Task item: Each entry below should be echoed exactly, with pictures omitted.

Input:
:::::

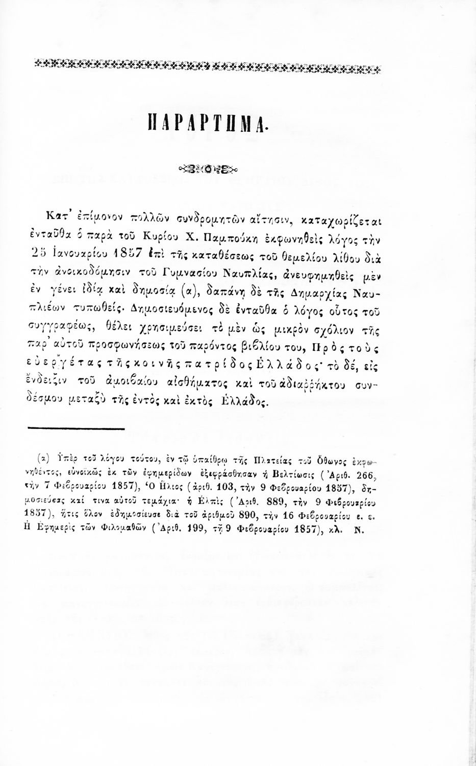 Σχολικό εγχειρίδιο Αρχαίων Ελληνικών για τα Ελληνικά Σχολεία, Παρθεναγωγεία και Γυμνάσια που περιέχει τους κανόνες γραμματικής και είναι χωρισμένο σε φθογγολογικό, τυπολογικό και ετυμολογικό μέρος.
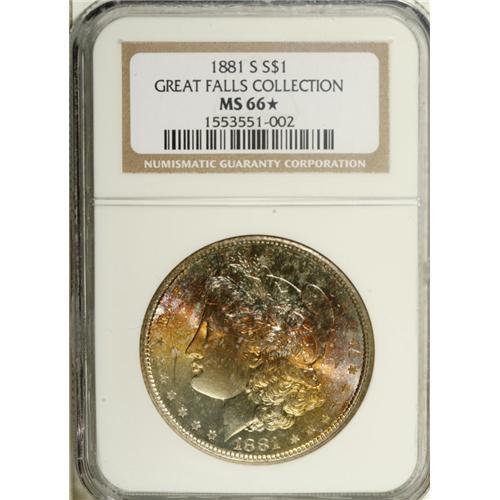 <B>1881-S S$1 MS66 <img border='0' src='http://www.heritagecoins.com/images/star.gif' width=10 height=10> NGC.</B></I> The crisply struck reverse has exemplary brilliance, while the colorful reverse has enticing violet-blue, magenta, and gold patina. Minimally marked with only a handful of small luster grazes.<BR><I>From The Great Falls Collection.</B></I><BR><BR><b>Shipping:</b> Coins & Currency (<a target="_blank" href="http://www.heritageauctions.com/common/shipping.php">view shipping information</a>)
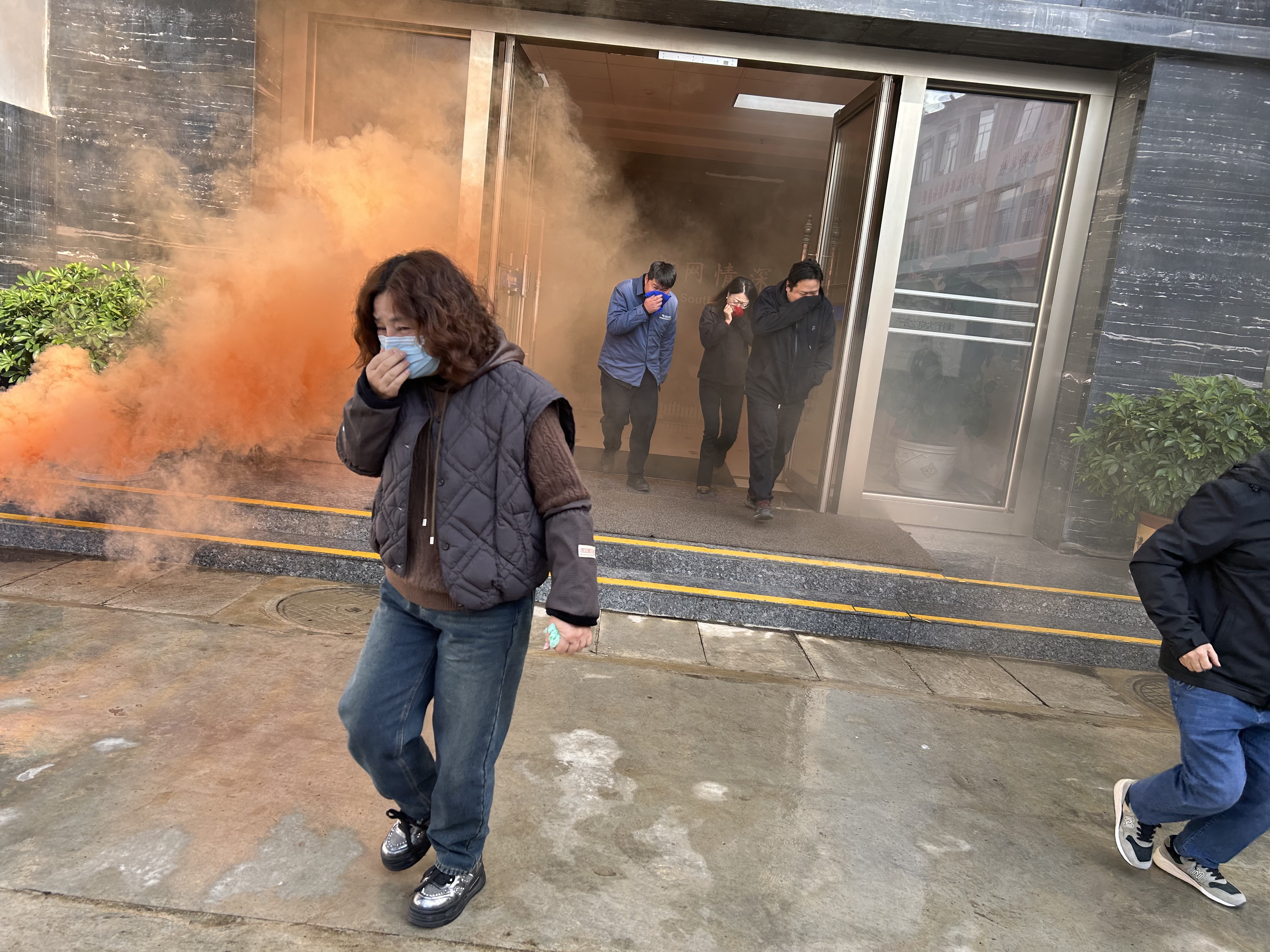 下午16: 0 0办公大楼突然响起火警警报有职工报告7搂会议室发生火灾,消防监控室值班人员立即赶到现场确认火势较大无法扑救后,立即拔打11 9报警电话,同时向单领导报告火灾情况,总指挥立即启动应急预案,义务消防队员身穿消防服手持灭火器第一时间赶到各楼层疏散人群。撤离人员在保安消防员的引导下带着呼吸器,来不及带呼吸器的用毛巾手帕手袖口等捂着鼻子和嘴巴弯着身子有序向消防安全通道撤离到大院内安全地带,警报响起到最后一个人撤离大约16分钟左右时间。
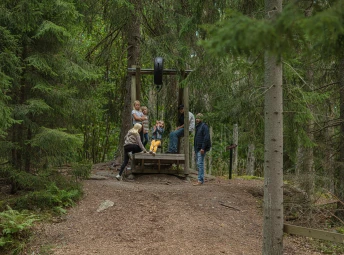 En hinderbana i skogen som består av ett antal aktiviteter i olika svårihetsgrad. Banan är byggd i en fantastisk skogsdunge där du och din familj inte bara får spänning och aktivitet utan också en naturupplevelse. Läs mer om skogshinderbanan.
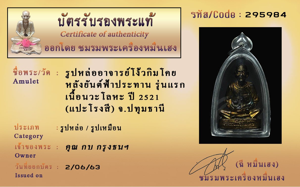 รหัสสินค้า : (295984) รูปหล่ออาจารย์โง้วกิมโคย (แปะโรงสี) หลังยันต์ฟ้าประทาน รุ่นแรก เนื้อนวะโลหะปี 2521 จังหวัดปทุมธานี
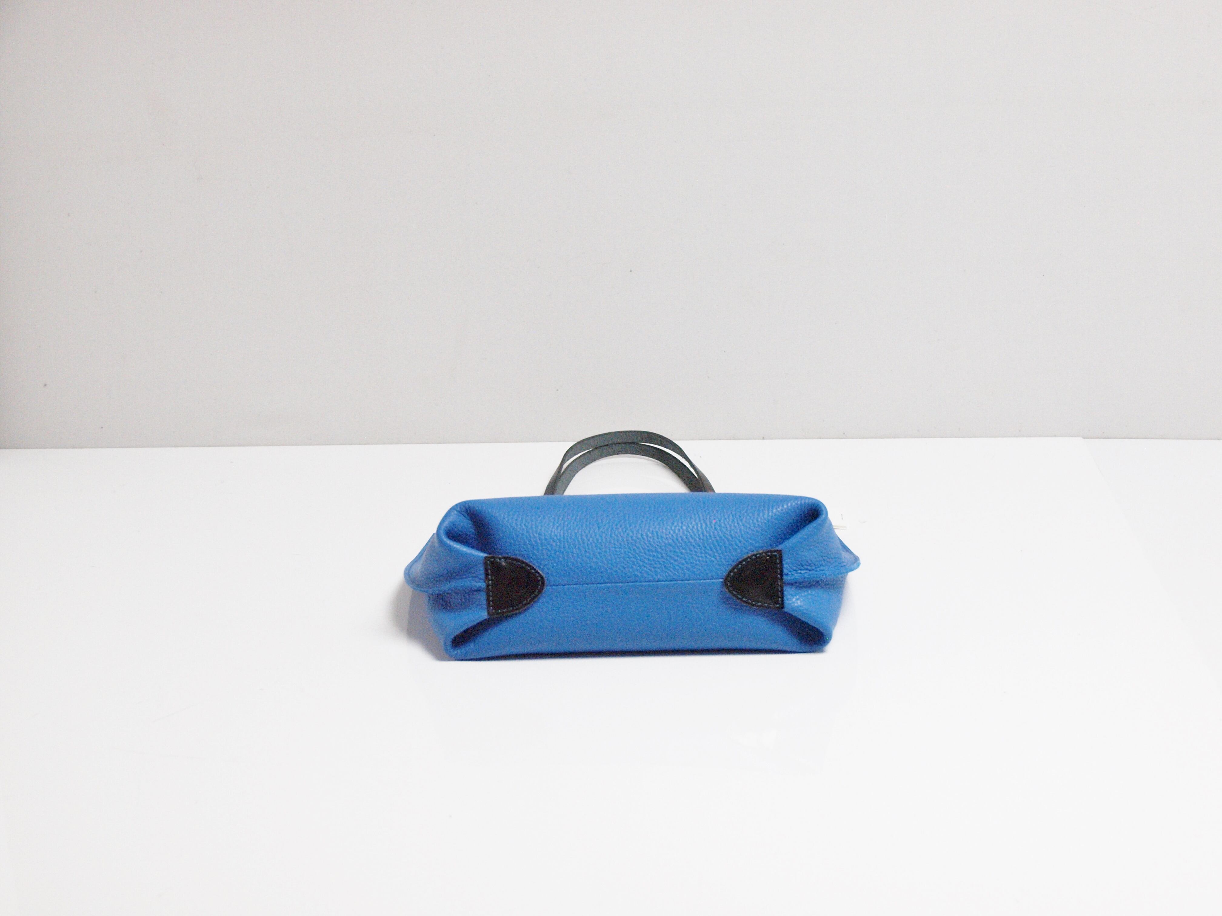 裏地処理した発色の綺麗なイタリア製シュリンクレザーです。ヌメ革ショルダーとピンクゴールド金具がポイントです。 ホックをとめれば底マチが作れます。

:::::

Written answer:
 Σχολικό εγχειρίδιο Αρχαίων Ελληνικών για τα Ελληνικά Σχολεία, Παρθεναγωγεία και Γυμνάσια που περιέχει τους κανόνες γραμματικής και είναι χωρισμένο σε φθογγολογικό, τυπολογικό και ετυμολογικό μέρος.
 <B>1881-S S$1 MS66 <img border='0' src='http://www.heritagecoins.com/images/star.gif' width=10 height=10> NGC.</B></I> The crisply struck reverse has exemplary brilliance, while the colorful reverse has enticing violet-blue, magenta, and gold patina. Minimally marked with only a handful of small luster grazes.<BR><I>From The Great Falls Collection.</B></I><BR><BR><b>Shipping:</b> Coins & Currency (<a target="_blank" href="http://www.heritageauctions.com/common/shipping.php">view shipping information</a>)
 下午16: 0 0办公大楼突然响起火警警报有职工报告7搂会议室发生火灾,消防监控室值班人员立即赶到现场确认火势较大无法扑救后,立即拔打11 9报警电话,同时向单领导报告火灾情况,总指挥立即启动应急预案,义务消防队员身穿消防服手持灭火器第一时间赶到各楼层疏散人群。撤离人员在保安消防员的引导下带着呼吸器,来不及带呼吸器的用毛巾手帕手袖口等捂着鼻子和嘴巴弯着身子有序向消防安全通道撤离到大院内安全地带,警报响起到最后一个人撤离大约16分钟左右时间。
 En hinderbana i skogen som består av ett antal aktiviteter i olika svårihetsgrad. Banan är byggd i en fantastisk skogsdunge där du och din familj inte bara får spänning och aktivitet utan också en naturupplevelse. Läs mer om skogshinderbanan.
 รหัสสินค้า : (295984) รูปหล่ออาจารย์โง้วกิมโคย (แปะโรงสี) หลังยันต์ฟ้าประทาน รุ่นแรก เนื้อนวะโลหะปี 2521 จังหวัดปทุมธานี
 裏地処理した発色の綺麗なイタリア製シュリンクレザーです。ヌメ革ショルダーとピンクゴールド金具がポイントです。 ホックをとめれば底マチが作れます。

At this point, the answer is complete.